Shell takes aims at the electricity mass market
Could Australia’s big three energy retailers become the big four? Shell thinks so.
Could Australia’s big three energy retailers become the big four? Shell thinks so.
After a decade of heavy investment cementing its role as one of Australia’s top LNG producers, the Anglo-Dutch company is plotting an assault on the domestic retail energy market led by AGL Energy, Origin Energy and EnergyAustralia.
While Shell’s earnings remain dominated by oil and gas, it expects to gradually switch the focus of its investment dollars to lower-carbon generation to reflect its prediction that the energy system will rely much more on electricity for its supplies.
Australia has been identified as one of six target markets where Shell will look to create a fully integrated electricity supply business with the potential to scoop up a “mass market” customer base through dealmaking.
“We will look at Australia as a power market and as a market of interest,” Shell chief executive Ben van Beurden said in a Sydney briefing this week during a rare trip to Australia. “We have reasonably strong ambitions to grow that up into a full-blown fourth leg of the company.”
While any big move by Shell may take years to play out in Australia, its flagged push into the highly contested retail power sector is being closely watched by the big three, which dominate at a customer and a generation level.

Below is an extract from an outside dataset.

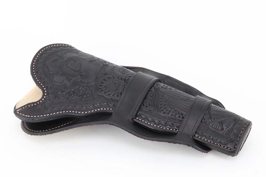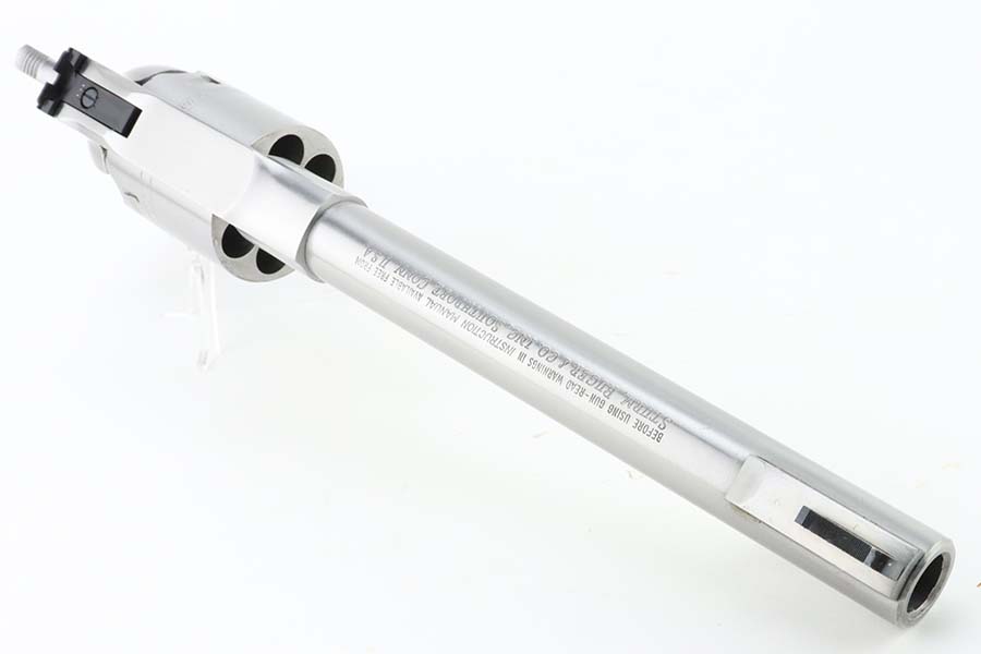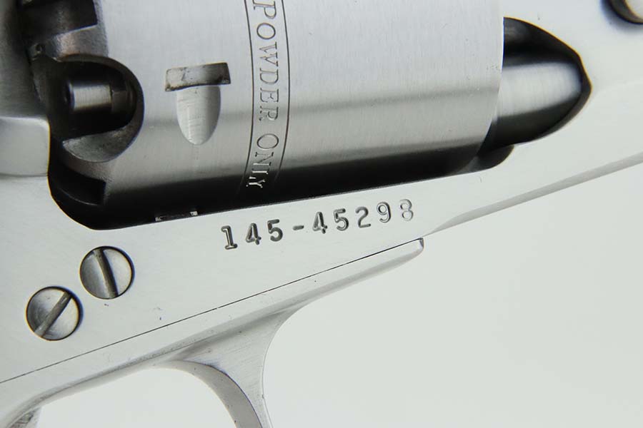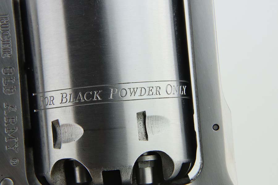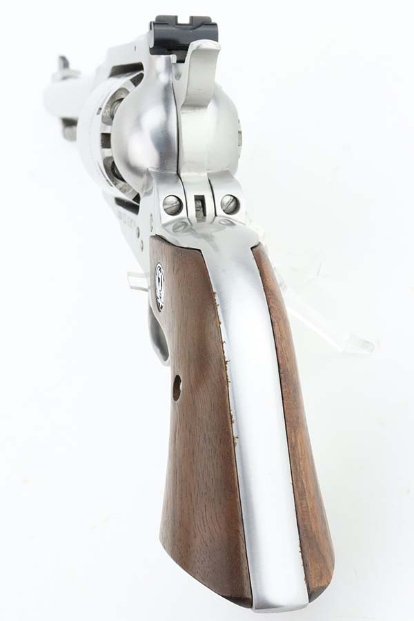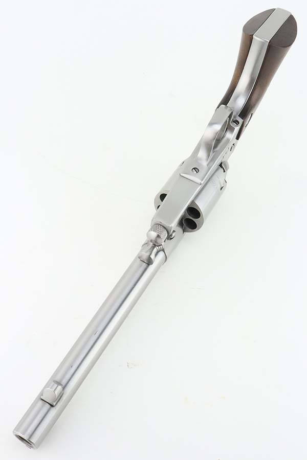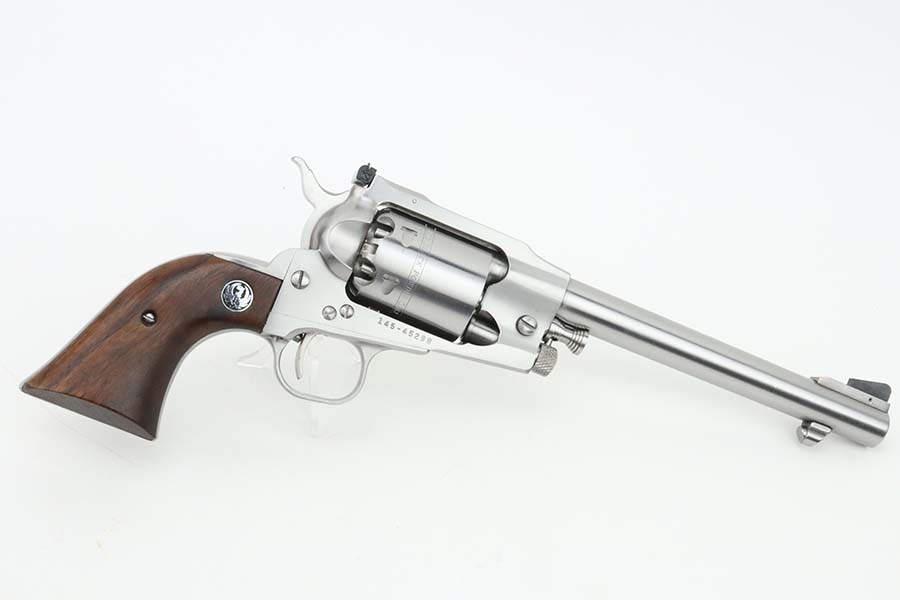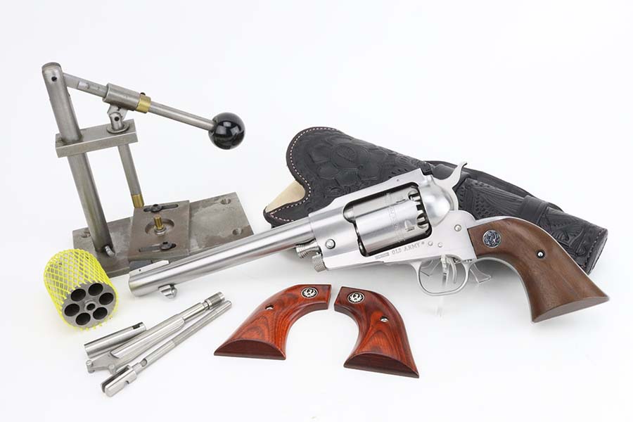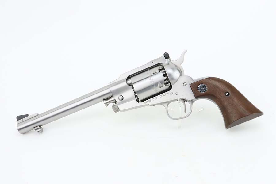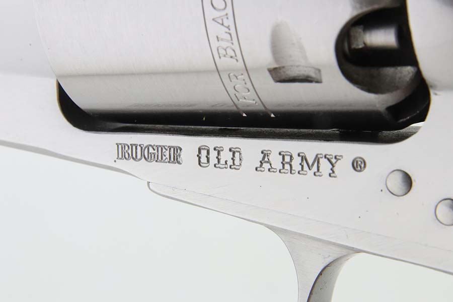 3/13/24 – This is a minty Ruger Old Army revolver, a modern black powder-only revolver, chambered in .44 Caliber. 7.5 inch barrel. This one comes with an excellent black leather holster, a spare cylinder, a spare set of grips, ejector rod, and an EZE Revolver Cylinder Loading Press. The gun has a really nice stainless finish and shows very little sign of wear or use – just a very light roll mark on the cylinder and a few tiny handling marks. Excellent wood grips. Like-new bore. Smooth action. No FFL required.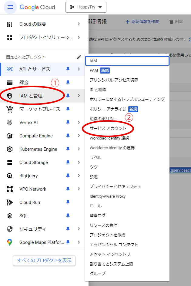 手順⑩:Google cloud のサイドバーを開き、IAMと管理>サービスアカウントを開く

AGL, Origin and EnergyAustralia hold large retail market shares in many states and control more than 60 per cent of capacity in NSW, Victoria and South Australia against a backdrop of high power prices and, at times, tight generation in the local power grid.
Shell will target the development of an integrated business, according to the company’s chief.
“We’re not just going to be an asset developer, we’re not just going to be a power trader, we’re not just going to be a company that owns a number of customers but we will buy our power on the open market,” Mr van Beurden said. “We may be doing all of that but in the end we need to have the ability to play in an integrated way across the entire value chain.”
The move represents a sizeable change for a company that relies on traditional oil, gas and petrochemical assets to drive its earnings, not least from an investment perspective. Shell says its power business will achieve equity returns of 8-12 per cent, compared with 12-15 per cent for its legacy oil and gas business.
Shell has already started to make inroads in Britain after buying household energy and broadband supplier First Utility in late 2017. It aims to challenge the “big six” in that market.
It has also been pushing into renewables through a deal this year to acquire German battery maker Sonnen, which holds a market position in Australia.
Australia is a big part of Shell’s global goal, but Mr van Beurden said it would take time to roll out its plans locally.
“We are in the ‘assembling the building blocks’ mode before we can start talking about an integrated business that we can grow organically,” he said. “Still, mergers and acquisitions in a much broader sense needs to be part of our power story. You cannot start everything from zero completely organically and grow your way to the point where you need to be.”
Credit Suisse agrees that Shell will take its time to mould a significant power business in Australia. “Australia features materially in Shell’s global gas portfolio, and we can expect Australia may similarly feature prominently in Shell’s power ambitions in the future,” Credit Suisse analyst Saul Kavonic said.
“Establishing an Australian power position of scale would likely require M&A, but near term it is more likely Shell will pursue more modest organic investments near existing asset footprints in Queensland and Western Australia to allow Shell to become more sophisticated in the Australian power sector before embarking on larger ambitions.”